Parshat Mishpatim
Exodus 21:1 -4:18
This week’s portion Mishpatim according to tradition is the continuation of the commandments God gave to the Children of Israel. We often think that the conversation at Sinai ended with the Ten Responsibilities between God and the Jewish People and Moses. But when we read the whole story of which this week is a continuation we realize that in addition to the Ten Responsibilities there were additional laws given to Moses and the Jewish People.
The laws presented in this week’s portion expand our understanding of the Ten Responsibilities. Ironically, the first ones presented deal with responsibilities of slave owners! This is said to a bunch of former slaves! Could this group newly minted in freedom, just three months from the harshness of slavery in Egypt even imagine that one day they would be slave owners?

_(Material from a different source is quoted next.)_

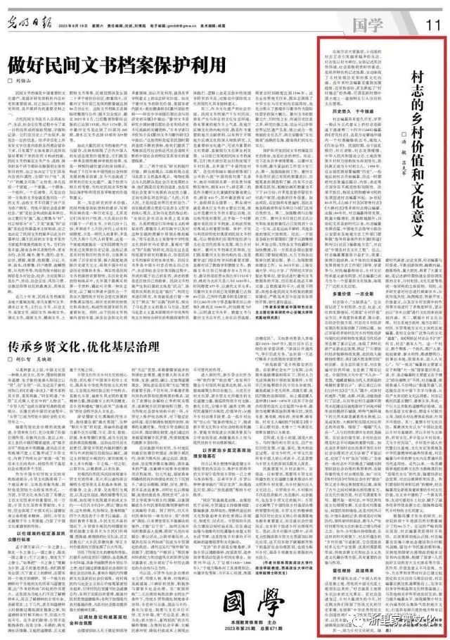 在地方志大家族里,小而美的村志正在引发越来越多的关注。村志是以村为单位,全面记述其自然环境、社会面貌的资料性著述,是别具特色的记述体裁,生动体现了乡村发展历史和村落文化内涵。近年来村志编纂呈蓬勃发展趋势,在有些省份,甚至掀起了“村村修志”的热潮,可谓是新时期中国大地上一道独特且引人注目的文化景观。

That they would rise above their former station in life?
Our tradition has come to repudiate slavery. And this week’s torah portion plays a serious role in that repudiation because it tells the rules for owning a Hebrew slave. Remember this is being shared to a group of Hebrew former slaves. It says that a slave is not a slave but a servant that goes free after six years of service. After 400 years of Hebrew slavery in Egypt now these slaves hear that a servant must be released after six years of service. This radical idea turns the notion of slavery on its head. Unlike what happened to the Hebrew slaves that knew generations of servitude God reveals at Sinai a notion that slavery could not be a permanent condition. No longer could a slave remain a slave. Their humanity had to be recognized. No one could really own them. They could work for six years but in the seventh they go free. Slavery was made conditional. Not a state of permanent being that would require a miracle. That is what it took for the Israelites, a miracle of release and redemption. But with this Torah portion, Mishpatim, no more miracles of redemption for slaves would be necessary only the passage of time.
Further in the Talmud the rabbis make sure that if a Jew “owned” a slave they had to be Jewish. Men had to be circumcised. Men and women had to be given Shabbat off. (Of course this is even part of the Ten Responsibilities.). Thus there really wasn’t an economic advantage in slave “ownership”. In truth you didn’t “own” a slave. Instead these deterrents to slavery remind all of us that human beings are not to be owned like animals but we are according to Jewish tradition created in the Divine image.
And this is precisely the point that tells us this piece of Torah is trying to help us as a people repudiate slavery and make it unappealing as way to achieve economic equity.
During the Civil War of the United States many used the Bible to justify slave ownership. Just like today people use the Bible to justify their homophobia and ill treatment of gay men and lesbians. But in truth they don’t do a careful and nuanced reading of the biblical text that is really required. And this example about slavery is an important example that we should use our brains, insight, and common sense when reading the Torah and not check it at the door.